Segment Start: EXERCISE INPUTS

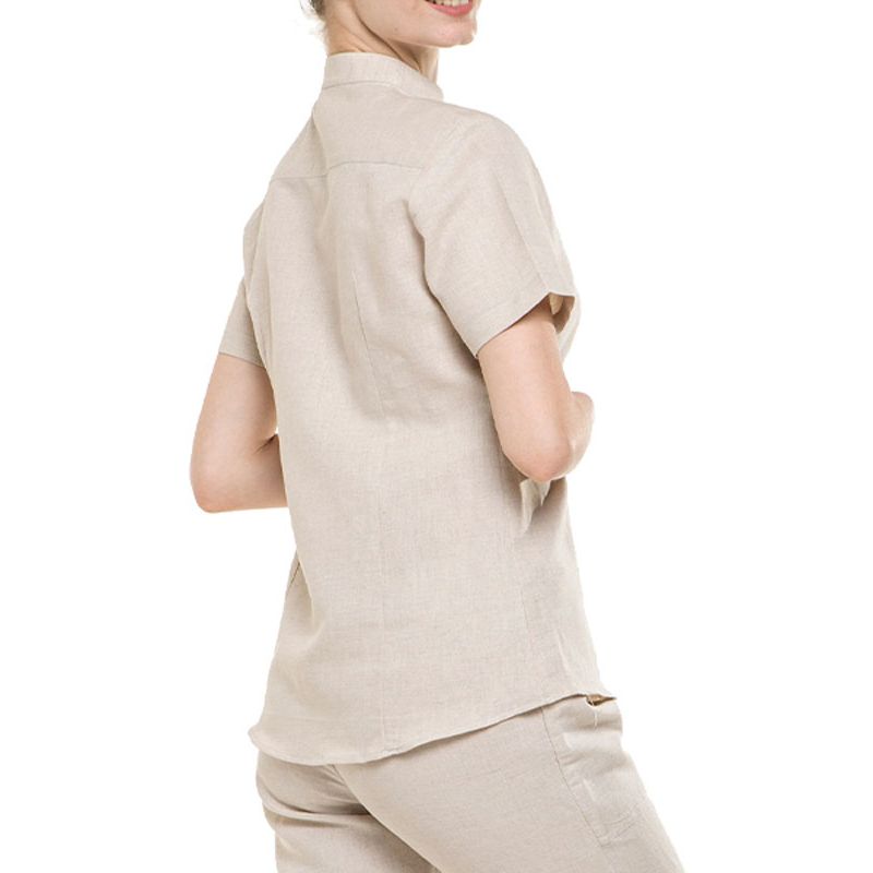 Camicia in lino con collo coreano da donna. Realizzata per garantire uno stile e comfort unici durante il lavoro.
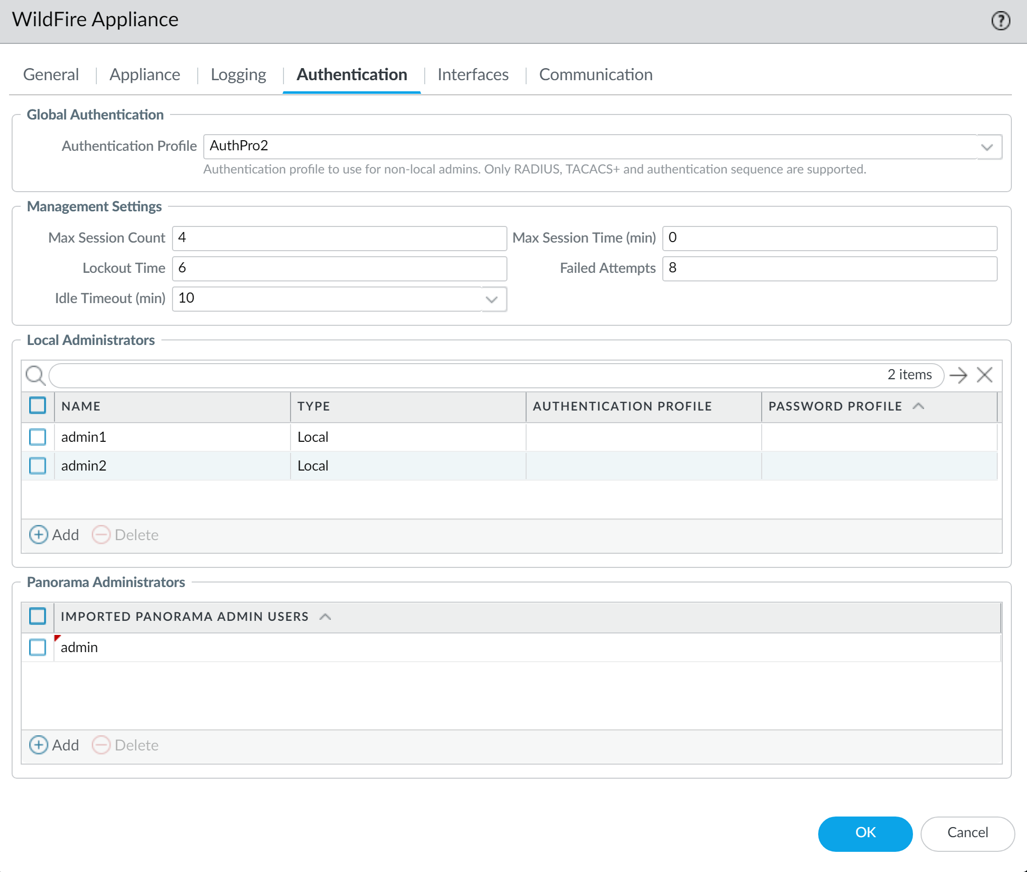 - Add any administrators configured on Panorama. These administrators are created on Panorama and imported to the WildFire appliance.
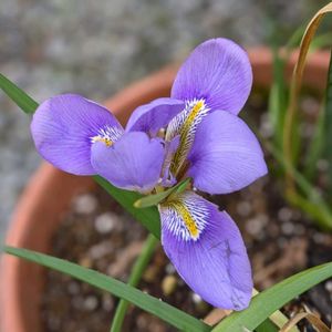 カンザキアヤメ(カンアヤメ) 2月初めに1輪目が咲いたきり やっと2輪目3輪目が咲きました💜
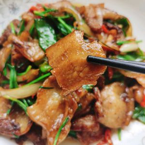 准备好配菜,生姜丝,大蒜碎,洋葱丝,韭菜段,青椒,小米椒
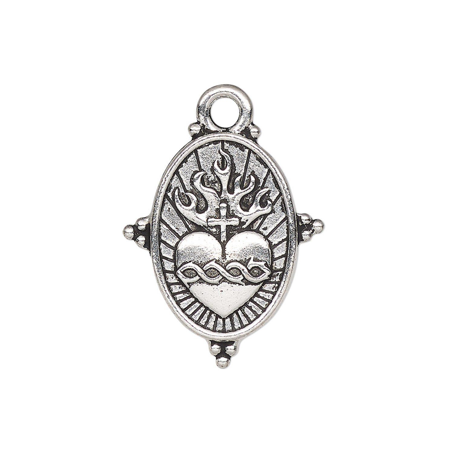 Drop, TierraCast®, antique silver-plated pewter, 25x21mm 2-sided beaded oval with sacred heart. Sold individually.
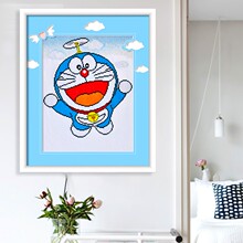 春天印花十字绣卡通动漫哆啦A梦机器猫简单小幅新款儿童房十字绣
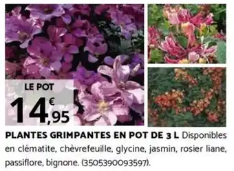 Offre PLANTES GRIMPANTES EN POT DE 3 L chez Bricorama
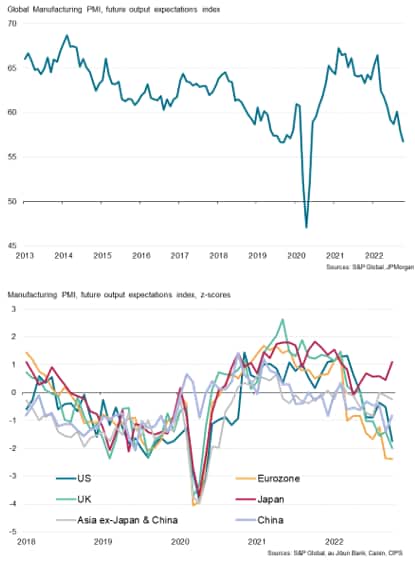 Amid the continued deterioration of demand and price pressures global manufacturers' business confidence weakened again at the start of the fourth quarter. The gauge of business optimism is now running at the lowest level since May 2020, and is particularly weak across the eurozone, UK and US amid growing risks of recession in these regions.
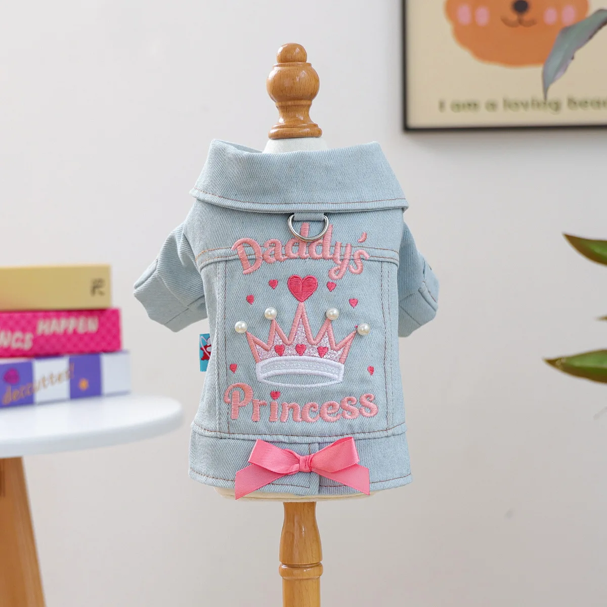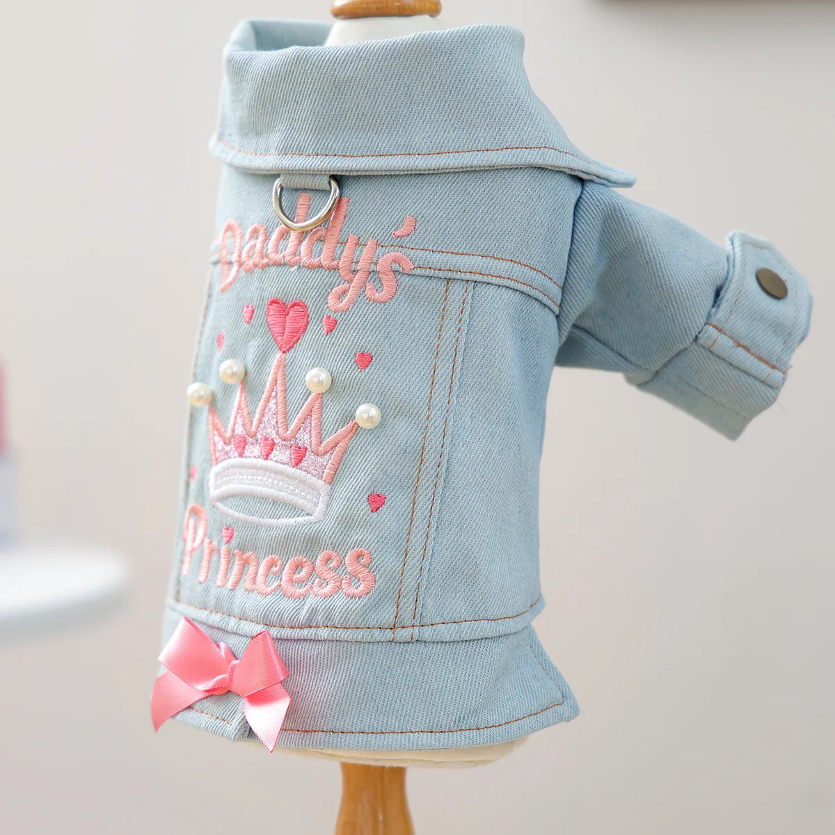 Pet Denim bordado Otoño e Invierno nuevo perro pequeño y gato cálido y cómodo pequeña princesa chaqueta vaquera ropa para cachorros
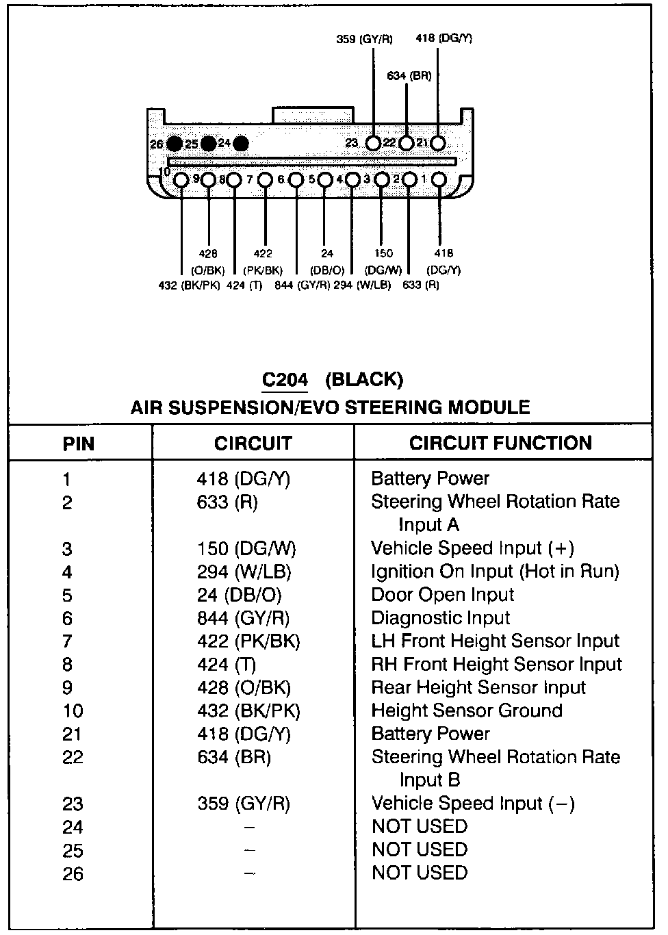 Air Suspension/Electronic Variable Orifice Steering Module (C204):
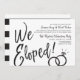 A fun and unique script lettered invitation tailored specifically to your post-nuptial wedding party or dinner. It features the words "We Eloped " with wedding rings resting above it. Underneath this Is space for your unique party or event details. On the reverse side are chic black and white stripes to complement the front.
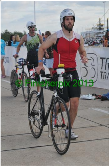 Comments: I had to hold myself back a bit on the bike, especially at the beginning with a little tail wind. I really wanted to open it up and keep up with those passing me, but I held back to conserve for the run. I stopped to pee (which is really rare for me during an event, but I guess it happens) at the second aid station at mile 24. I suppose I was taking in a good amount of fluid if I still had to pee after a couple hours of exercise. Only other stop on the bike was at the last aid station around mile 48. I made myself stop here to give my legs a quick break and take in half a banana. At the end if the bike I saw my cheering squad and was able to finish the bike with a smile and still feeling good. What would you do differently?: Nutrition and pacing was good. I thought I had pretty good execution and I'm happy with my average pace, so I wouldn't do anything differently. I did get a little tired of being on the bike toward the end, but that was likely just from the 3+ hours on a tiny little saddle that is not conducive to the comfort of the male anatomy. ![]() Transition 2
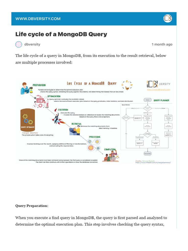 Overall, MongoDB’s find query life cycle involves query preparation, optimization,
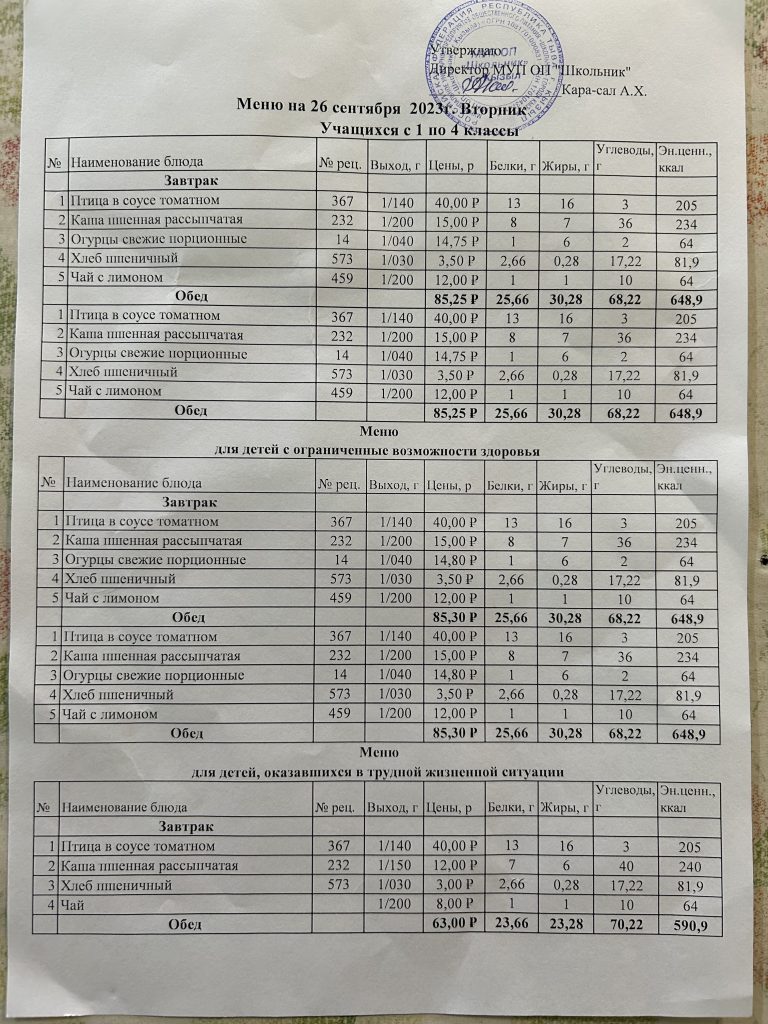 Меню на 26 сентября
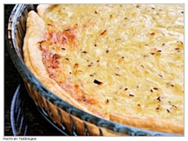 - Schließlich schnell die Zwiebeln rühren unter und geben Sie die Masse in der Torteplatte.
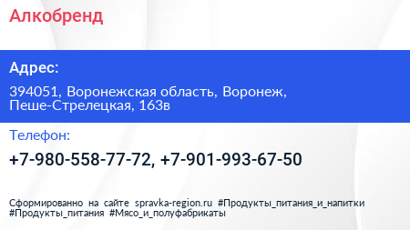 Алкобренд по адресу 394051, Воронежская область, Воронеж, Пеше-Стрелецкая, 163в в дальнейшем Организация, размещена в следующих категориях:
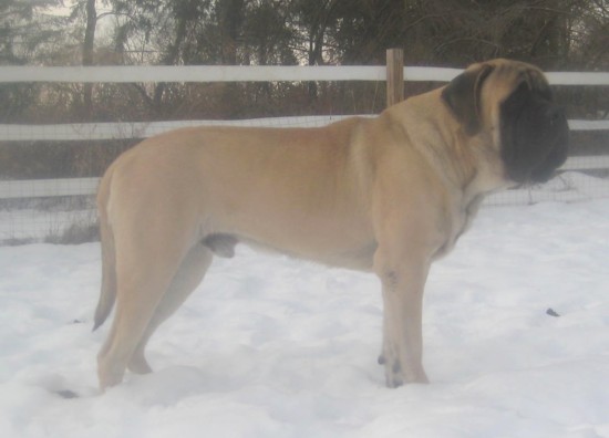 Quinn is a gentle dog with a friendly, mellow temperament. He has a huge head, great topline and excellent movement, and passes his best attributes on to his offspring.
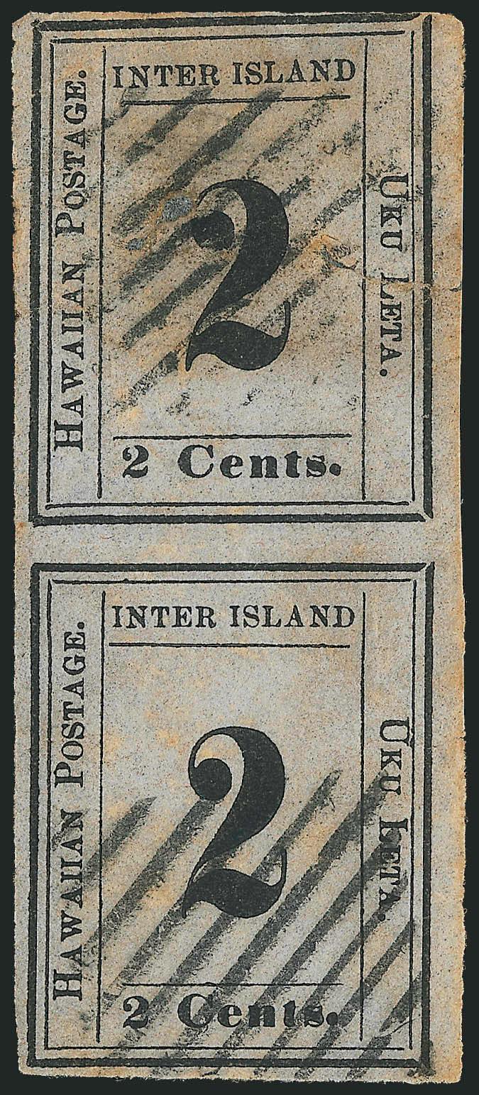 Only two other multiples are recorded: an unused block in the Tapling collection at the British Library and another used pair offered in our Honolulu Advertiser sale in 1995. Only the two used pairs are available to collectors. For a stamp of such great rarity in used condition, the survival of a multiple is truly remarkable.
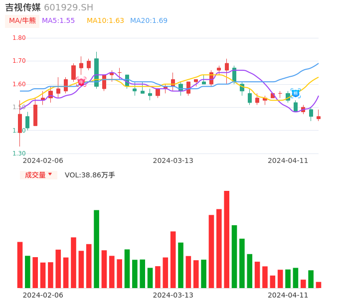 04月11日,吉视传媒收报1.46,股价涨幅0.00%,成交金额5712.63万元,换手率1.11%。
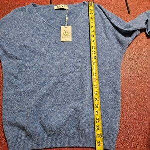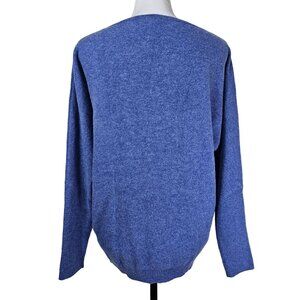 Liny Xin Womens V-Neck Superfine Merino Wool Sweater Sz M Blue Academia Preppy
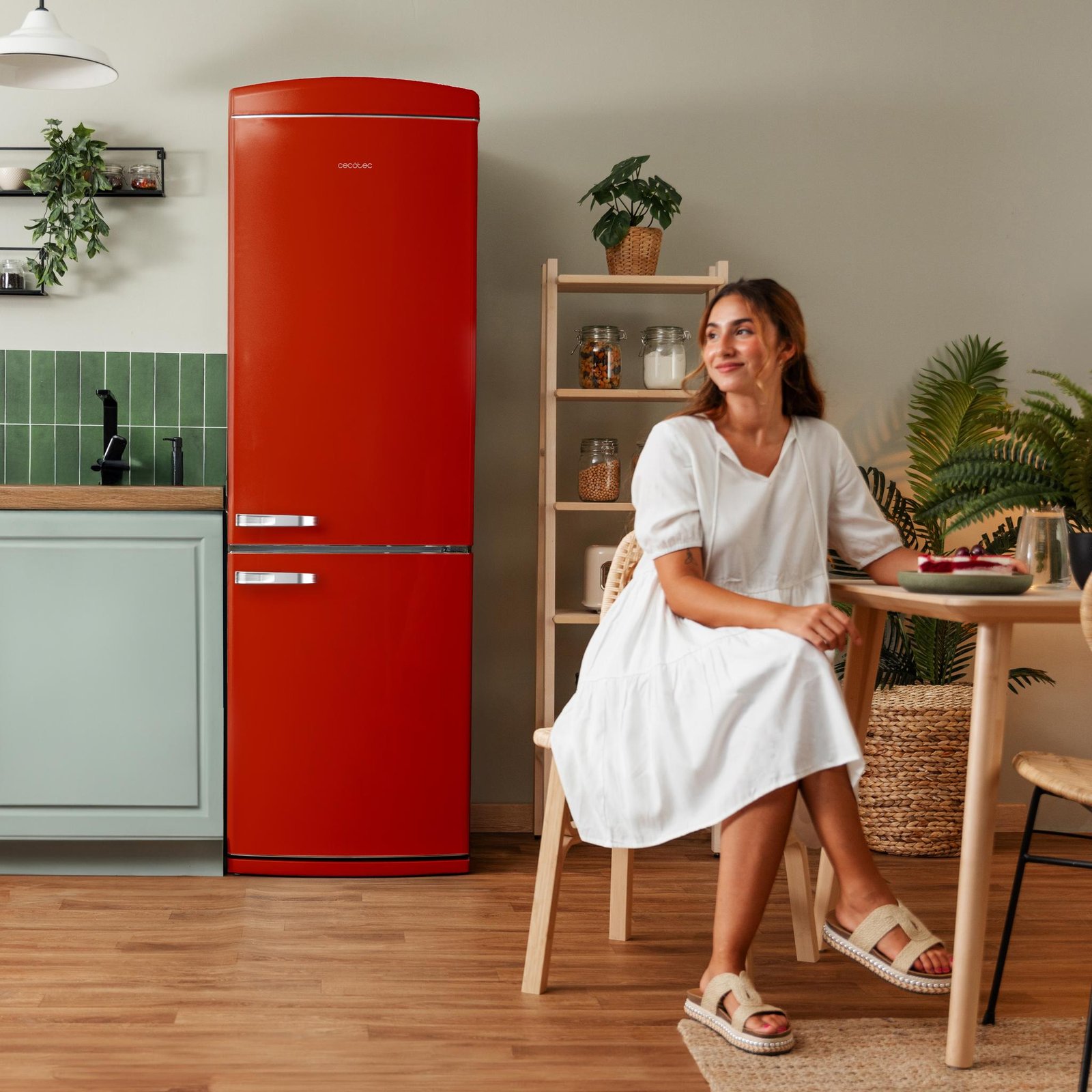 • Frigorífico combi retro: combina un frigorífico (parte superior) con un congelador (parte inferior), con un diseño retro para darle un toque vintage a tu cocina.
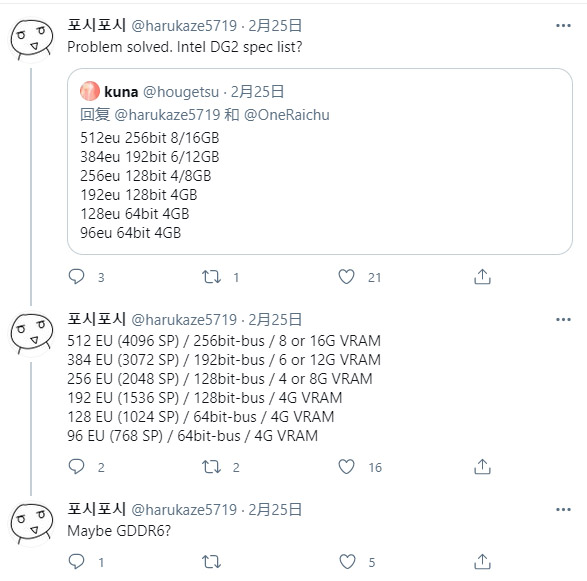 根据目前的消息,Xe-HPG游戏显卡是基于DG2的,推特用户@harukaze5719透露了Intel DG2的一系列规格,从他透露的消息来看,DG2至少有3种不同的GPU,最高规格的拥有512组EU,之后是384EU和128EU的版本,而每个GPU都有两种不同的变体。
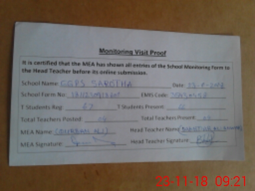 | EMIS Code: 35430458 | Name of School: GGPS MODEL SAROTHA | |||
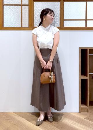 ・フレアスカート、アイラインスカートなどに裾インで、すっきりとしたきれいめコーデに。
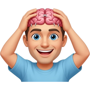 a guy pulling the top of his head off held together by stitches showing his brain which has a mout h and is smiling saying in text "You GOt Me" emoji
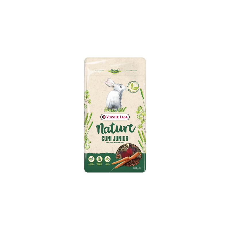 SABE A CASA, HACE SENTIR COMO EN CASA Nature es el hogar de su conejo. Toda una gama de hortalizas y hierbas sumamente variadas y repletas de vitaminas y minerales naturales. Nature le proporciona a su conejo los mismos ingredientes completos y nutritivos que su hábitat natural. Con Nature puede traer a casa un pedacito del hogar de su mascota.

Segment End: EXERCISE INPUTS

→ **EXERCISE GOAL**
Starting with the line that has "Only two other" and ending with the line that has "Liny Xin Womens", repeat the lines above exactly, omitting every picture.

→ **RESULT FOR THIS EXERCISE**
 Only two other multiples are recorded: an unused block in the Tapling collection at the British Library and another used pair offered in our Honolulu Advertiser sale in 1995. Only the two used pairs are available to collectors. For a stamp of such great rarity in used condition, the survival of a multiple is truly remarkable.
 04月11日,吉视传媒收报1.46,股价涨幅0.00%,成交金额5712.63万元,换手率1.11%。
 Liny Xin Womens V-Neck Superfine Merino Wool Sweater Sz M Blue Academia Preppy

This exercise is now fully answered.